Background: Swollen middle cerebral artery infarction is a life-threatening disease and decompressive craniectomy is improving survival significantly. Despite decompressive surgery, however, many patients are not discharged from the hospital alive. We therefore wanted to search for predictors of early in-hospital death after craniectomy in swollen middle cerebral artery infarction.

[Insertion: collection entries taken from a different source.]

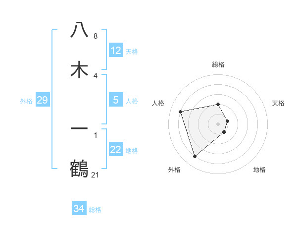 八木 一鶴さんの総格は34画の2点!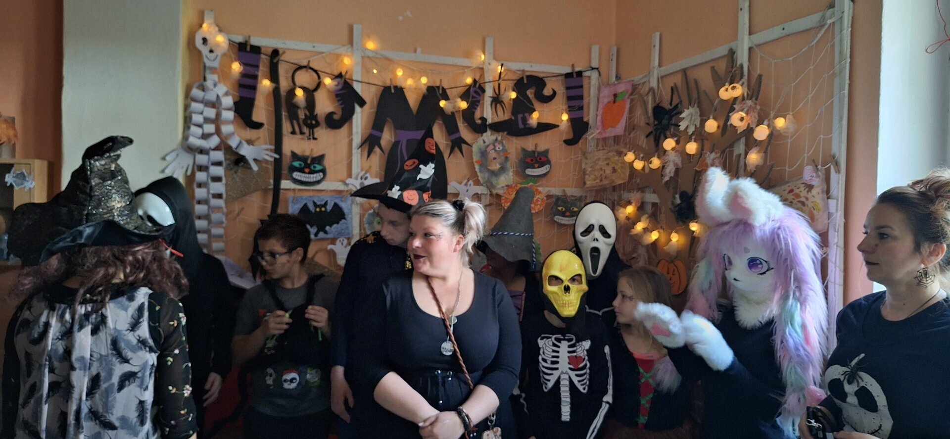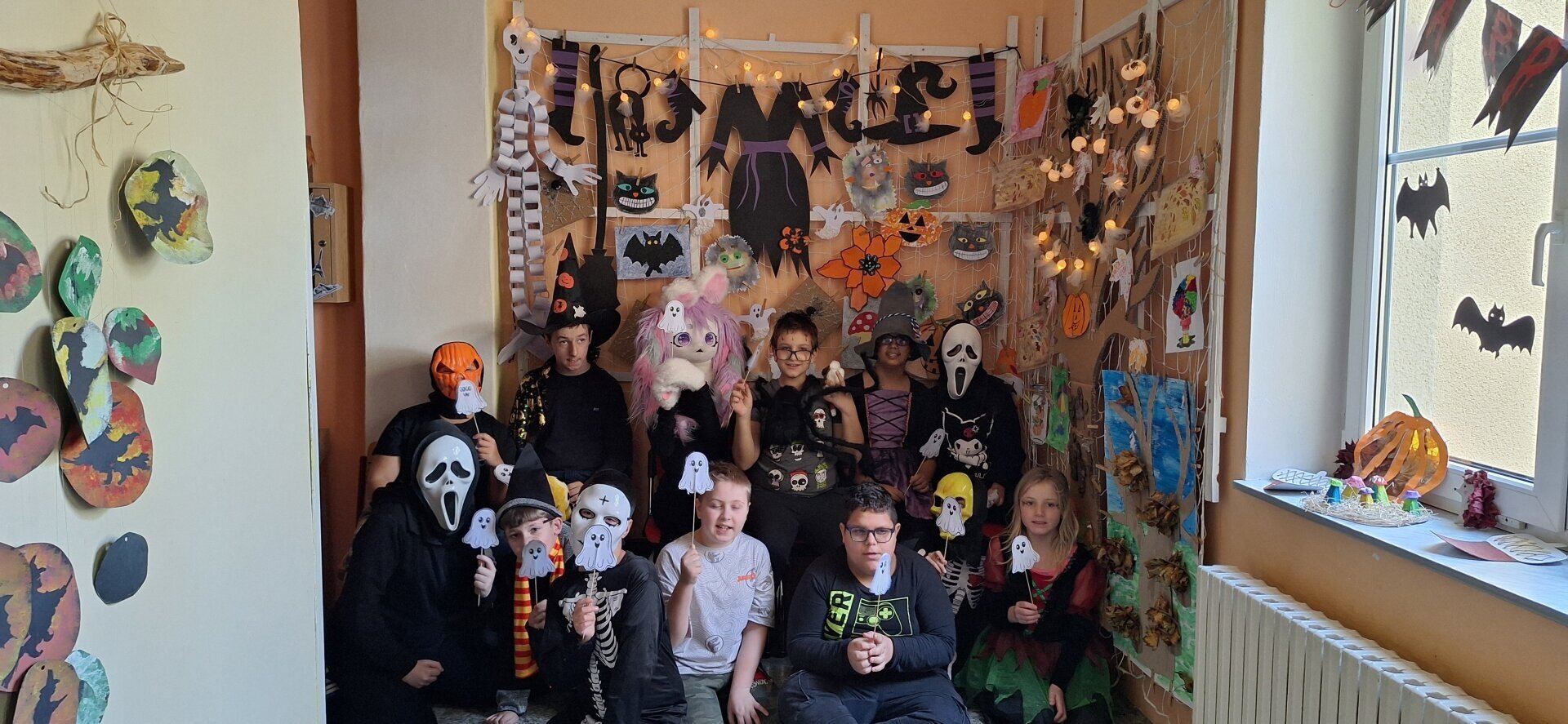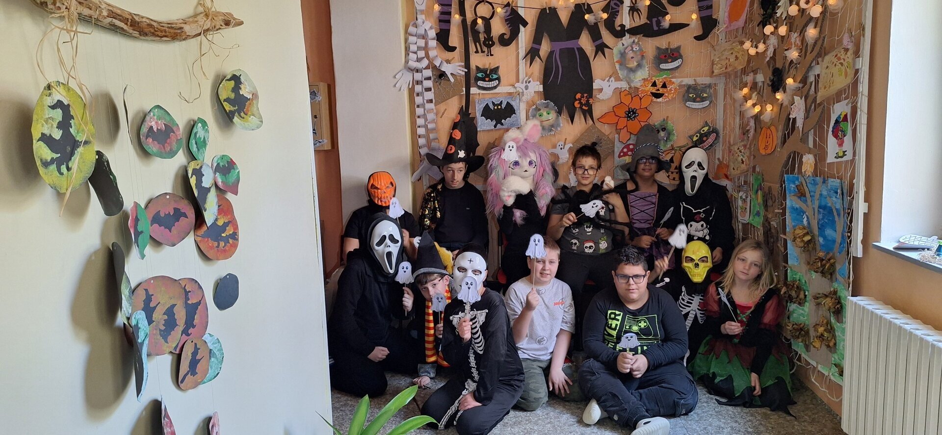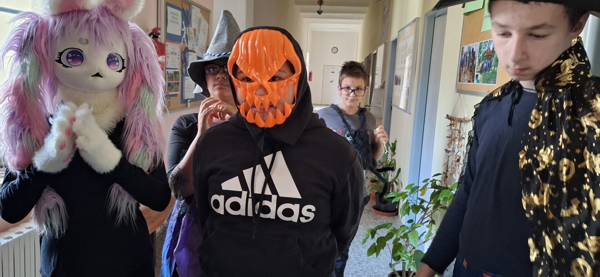 V pátek 31. října se v naší škole objevily masky čarodějnic, filmových postav a rozzlobených dýní. Na chodbě blikala světýlka a atmosféru dokreslovala strašidelná výzdoba na oknech.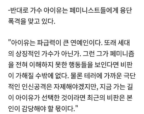 아이돌이라도 페미니즘을 안하면 비판받아야한다.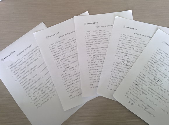 从学校出发赶赴三大景区 5月18日为“国际博物馆日”,今年首次将主场城市定于南京,并举行了盛大的开幕仪式,能 参与这种大型公益活动,对同学们来说是难得的机会。上午9时,南博小组率先抵达南京博物院,穿上 印有“志愿者”字样的工作装,10名同学分别被派到到博物院入口、历史馆游客服务中心等地进行咨询 接待服务。“民国馆怎么走?”、“洗手间在哪里?”、“特展馆都展些什么呀?”等问题,不绝于耳。 从开始时的语焉不详,到很快适应并准确回答,嗓子哑了、腿僵了、脚皮也磨破了,但收获更多的是游 客们的一句谢谢,内心的一分喜悦 咨询引导,签名点赞 在苜蓿园地铁口,中山陵、明孝陵景区附近,你总能发现一群身着南旅院校服,斜披绶带的志愿者 们。他们或不时向游客们发放宣传手册,普及“中国旅游日”、 “ ‘畅游’江苏”与“南京青奥会 ”的基本概况;或邀请路人填写有关问卷调查,以搜集民众对江苏旅游的了解情况与建议;或派 发中山陵各景点图册,解说钟山景区内的大好风光,尽一份志愿者的微薄之力。腿走酸了,衣湿透了, 却挡不住大家志愿服务的热情。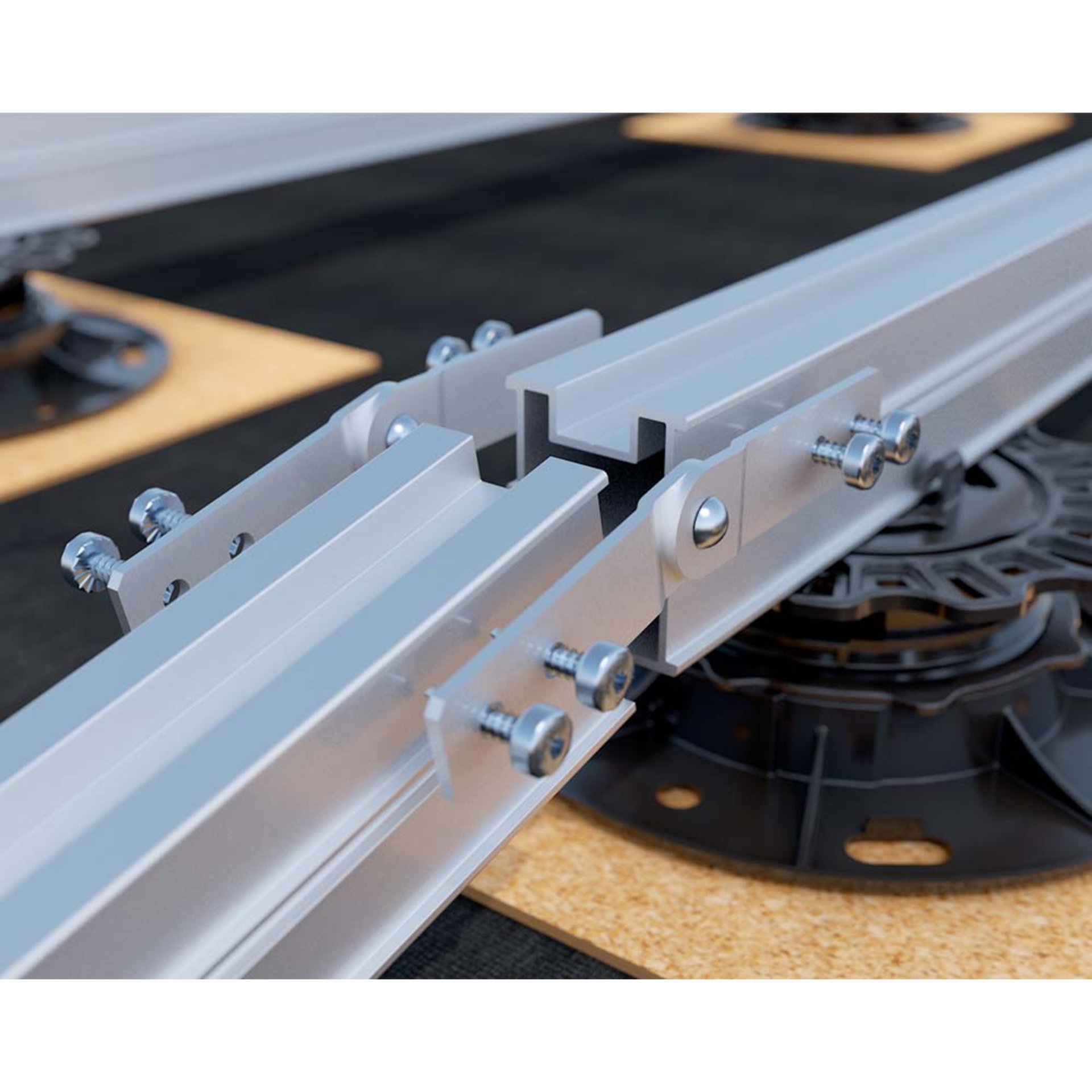 Mithilfe der TERRA Gelenke werden die TERRA Alu-Systemprofile optimal miteinander verbunden. Da die Gelenke einseitig frei drehbar sind, können diese individuell an der Profilschiene positioniert werden. Bei dem Bau von Terrassenunterkonstruktionen eignen sich die TERRA Gelenke für Winkel von bis zu 90° bzw. 180°. Der Scharnierverbinder EVO kommt zum Einsatz, um Profile in horizontaler Richtung auszurichten, sodass z. B. Terrassenrundungen hergestellt werden können.

Methods: All patients operated with decompressive craniectomy due to swollen middle cerebral artery infarction at the Department of Neurosurgery, Oslo University Hospital Rikshospitalet, Oslo, Norway, between May 1998 and October 2010, were included. Binary logistic regression analyses were performed and candidate variables were age, sex, time from stroke onset to decompressive craniectomy, NIHSS on admission, infarction territory, pineal gland displacement, reduction of pineal gland displacement after surgery, and craniectomy size.

Results: Fourteen out of 45 patients (31%) died during the primary hospitalization (range, 3-44 days). In the multivariate logistic regression model, middle cerebral artery infarction with additional anterior and/or posterior cerebral artery territory involvement was found as the only significant predictor of early in-hospital death (OR, 12.7; 95% CI, 0.01-0.77; p = 0.029).

Conclusions: The present study identified additional territory infarction as a significant predictor of early in-hospital death. The relatively small sample size precludes firm conclusions.